4.0 also made a subtle change in that an adaptation may be considered to be licensed solely under the adapter’s license (currently CC-BY-SA-4.0 or FAL-1.3, in the future potentially GPLv3 or or a hypothetical CC-BY-SA-5.0). In previous versions licenses were deemed to “stack” – if a work under CC-BY-SA-2.0 were adapted and released under CC-BY-SA-3.0, users of the adaptation would need to comply with both licenses. In practice this is an academic distinction, as compliance with any compatible license would tend to mean compliance with the original license.

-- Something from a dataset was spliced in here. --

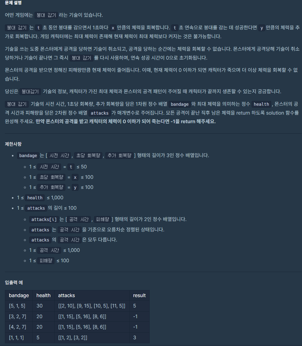 [Lv.1 / 프로그래머스 / 파이썬] 붕대 감기 (PCCP 기출문제 1번)

But for a licensee using a large number of works that wished to be extremely rigorous, this would be a large burden, for it would mean understanding every license (including those of jurisdiction ports not in English) in detail.

The new version is also an even more complete rewrite of 3.0 than 3.0 was of previous versions, completing the “internationalization” of the license, and actually decreasing in length and increasing in readability.

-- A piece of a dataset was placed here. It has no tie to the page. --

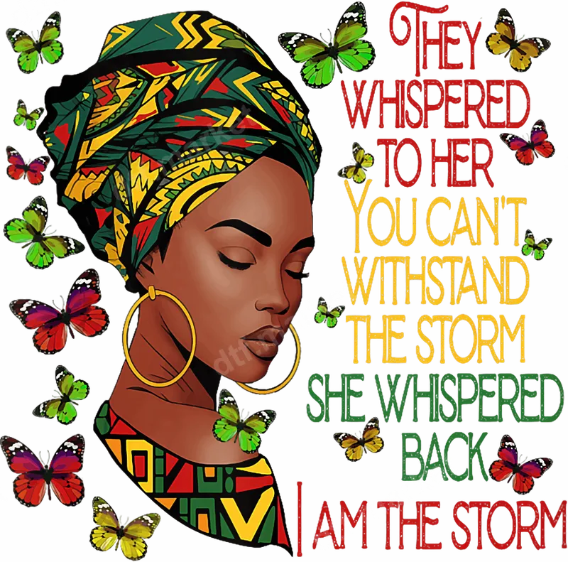 See allEmbrace unwavering strength with this striking "I Am The Storm" DTF transfer. This vibrant design features a beautiful African American woman adorned in a colorful, patterned headwrap and golden hoop earrings, surrounded by fluttering butterflies. The powerful quote, "They whispered to her, 'You can't withstand the storm.' She whispered back, 'I AM THE STORM'," is prominently displayed in bold, multi-colored typography. It's a perfect ready to press design for anyone looking to make a statement of resilience and self-belief. This inspirational design is ideal for strong women, advocates for empowerment, and anyone who has overcome adversity. It makes a fantastic gift for birthdays, Mother's Day, Juneteenth, or as a thoughtful gesture for a friend needing a boost of confidence. Use this powerful heat transfer to customize apparel for rallies, community events, or simply to express your inner strength daily. Applying this ready-to-press iron on transfer is simple and efficient. For best results, use a heat press at 300-325°F for 15 seconds with medium, even pressure. This versatile design works perfectly on cotton, polyester, and most fabric blends. Enjoy a professional finish without the hassle of weeding or layering, saving you time and effort. Experience superior quality with this premium DTF transfer. Our professional-grade film ensures your t-shirt transfer boasts vibrant colors that pop, exceptional durability, and resistance to cracking or fading even after multiple washes. The soft-touch finish integrates seamlessly with your garment, providing a comfortable feel and a long-lasting, high-definition design that truly stands out.

Additionally, 4.0 consistently treats database (licensing them like other copyright-like rights) and moral rights (waiving them to the extent necessary to exercise granted freedoms) – in previous versions some jurisdiction ports treated these differently – and tentatively eliminates the need for jurisdiction ports. Official linguistic translations are underway (Finnish is the first completed) and no legal ports are planned for.

4.0 is the first version to explicitly exclude a patent (and less problematically, trademark) license. It also adds two features akin to those found in GPLv3: waiver of any right licensor may have to enforce anti-circumvention if DRM is applied to the work, and reinstatement of rights after termination if non-compliance corrected within 30 days.

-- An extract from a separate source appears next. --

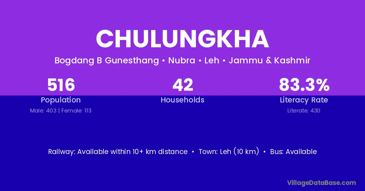 Leh (10 km) is the nearest town to Chulungkha village for major economic activities and is located approximately 10 km away.
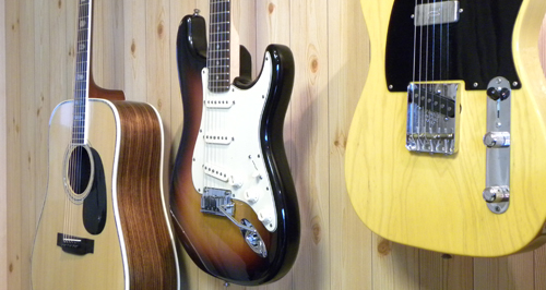 有名メーカーのギターは1レッスン500円でお貸しします。

Finally, 4.0 streamlines the attribution requirement, possibly of some advantage to massive long-term collaborations which historically have found copyleft licenses a good fit.

The 4.0 versioning process was much more extensively researched, public, and documented than previous CC-BY-SA versionings; see for the record and for a summary of final decisions.

CC-BY-SA-4.0 International section-by-section

FIXME arguably this section ought be the substance of the tutorial, but is very thin and weak now

FIXME formatted/section-referenced copy of license should be added to license-texts.tex and referenced throughout

The best course of action at this juncture would be to read – the entire text is fairly easy to read, and should be quickly understood if one has the benefit of study of other public licenses and of copyleft policy.

The following walk-through will simply call out portions of each section one may wish to study especially closely due to their pertinence to copyleft policy issues mentioned above.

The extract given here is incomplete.